### WHAT IS REQUIRED
Using the records below, copy exactly the part that opens with the line holding "Sleeveless blouse with" and closes with the line holding "взаимно ортогональные поля", minus the pictures.

[Opening SUPPLIED RECORDS section]

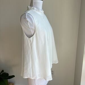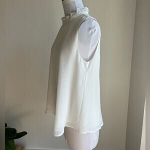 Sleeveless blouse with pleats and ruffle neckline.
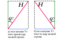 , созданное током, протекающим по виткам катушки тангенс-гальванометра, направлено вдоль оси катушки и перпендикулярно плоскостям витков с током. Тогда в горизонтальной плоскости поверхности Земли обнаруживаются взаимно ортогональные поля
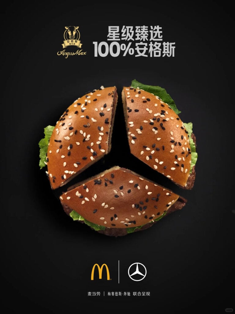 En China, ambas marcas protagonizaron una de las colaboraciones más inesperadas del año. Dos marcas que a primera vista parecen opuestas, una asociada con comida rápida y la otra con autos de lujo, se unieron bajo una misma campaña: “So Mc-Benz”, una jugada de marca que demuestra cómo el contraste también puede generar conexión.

[Closing SUPPLIED RECORDS section]
[Opening SUPPLIED RECORDS section]

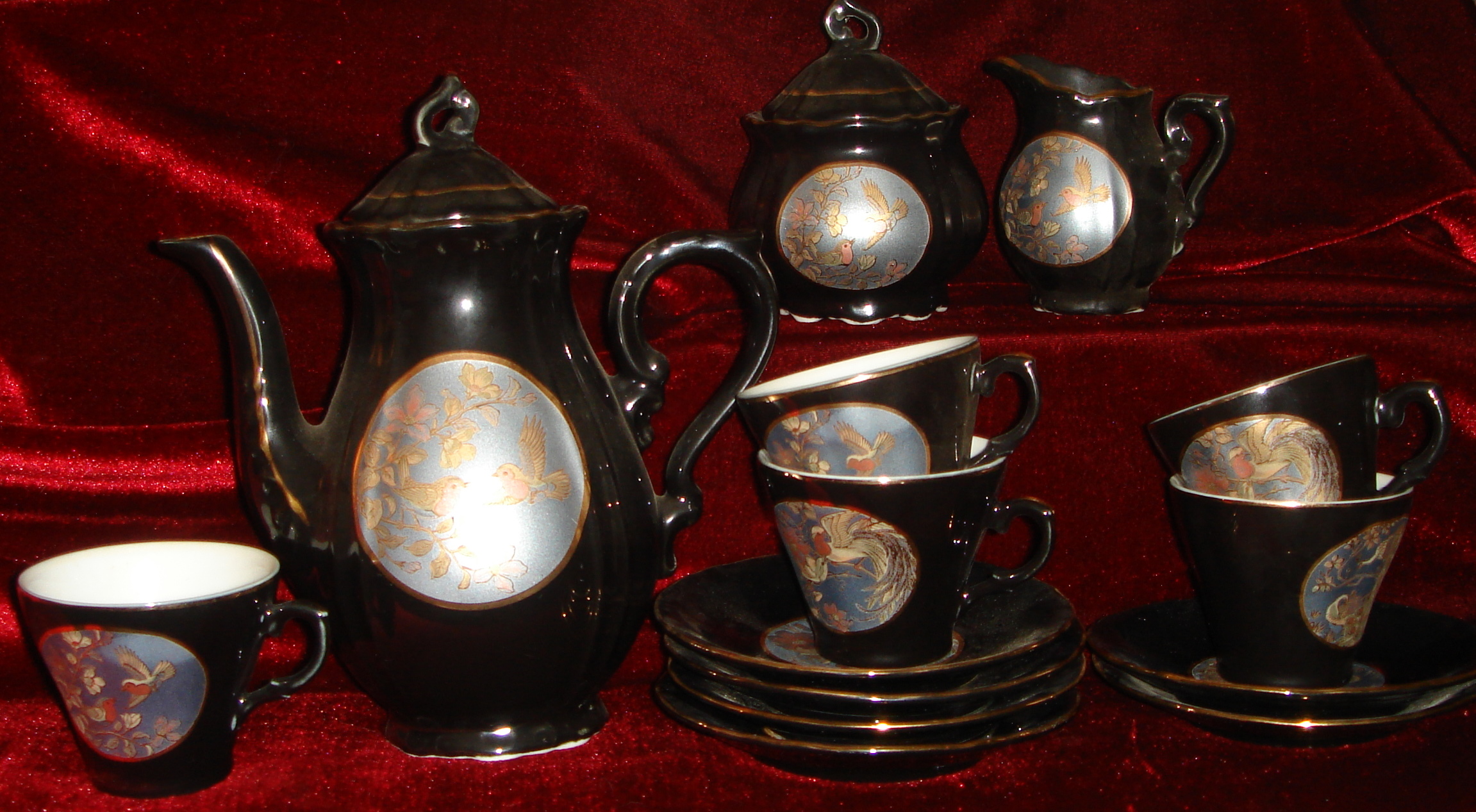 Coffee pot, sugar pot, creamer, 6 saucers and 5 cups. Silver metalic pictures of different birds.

[Closing SUPPLIED RECORDS section]

### REPLY
 Sleeveless blouse with pleats and ruffle neckline.
 , созданное током, протекающим по виткам катушки тангенс-гальванометра, направлено вдоль оси катушки и перпендикулярно плоскостям витков с током. Тогда в горизонтальной плоскости поверхности Земли обнаруживаются взаимно ортогональные поля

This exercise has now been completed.